The supervised learning is accomplished by increasing the weights from the last code active in the sequence onto a field of class nodes (not seen in this figure).

RESULT: We presented all 90 snippets once each (a total of 1,722 frames), resulting in 90 spatiotemporal sparse distributed code (SDC) memory traces like the one shown. Classification accuracy was 99% (89 out of 90).  Overall memory trace accuracy was 87%. Training time was 290 sec.  Note that while the model has ~12.5 million wts (U and H wts combined), relatively small percentages of the wts afferent to most internal units (of which there are 20 x 7 x 8 = 1,120) are actually increased during learning, e.g., ~15-25% for H, ~5-10% for U. This suggests that this particular model could probably store a great deal more such input sequences and get high trace (and classification (train=test)) accuracy.
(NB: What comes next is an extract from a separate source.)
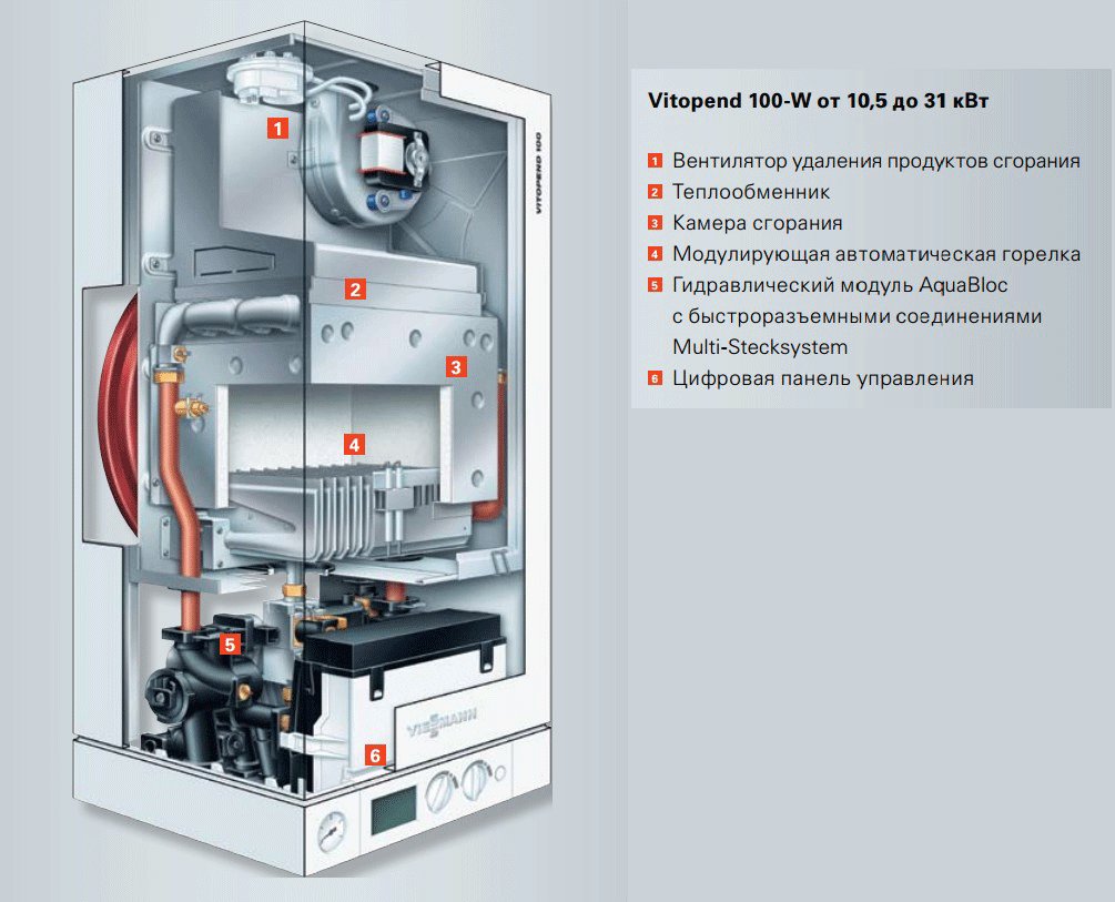 Аппарат Виссман Витопенд 100 В с одним контуром оборудован системой Aqua-Block с мультиштекерным соединением Multi-Stecksystem от фирмы Grundfos. Производится в двух исполнениях с камерой сгорания закрытого типа (модель «турбо») и с забором воздуха для горения из помещения (модель «Атмо»). Турбированный котел оборудован коаксиальным дымоходом и вентилятором со сниженным уровнем шума для выведения сгоревшего топлива.

However, as discussed at the bottom of this page, this non-hiearchical model will not generalize well....it's parameters have been optimized to maximize episodic memory capacity.  We are now moving on (back) to testing hierarchical models, to obtain a good "train != test" (i.e., standard classification test) result.

Again, there are numerous sources of possible speed-up, which we will explore. Notably, if you look at the input snippet above, you can see that each frame is extremely sparse. We suspect that these Weizmann classes could be learned from spatially much coarser inputs. So rather than 84x120 pixels, we are preparing 42x60 versions (using blurring, rescaling and re-binarization).  This alone would speed up the processing by at least 10x.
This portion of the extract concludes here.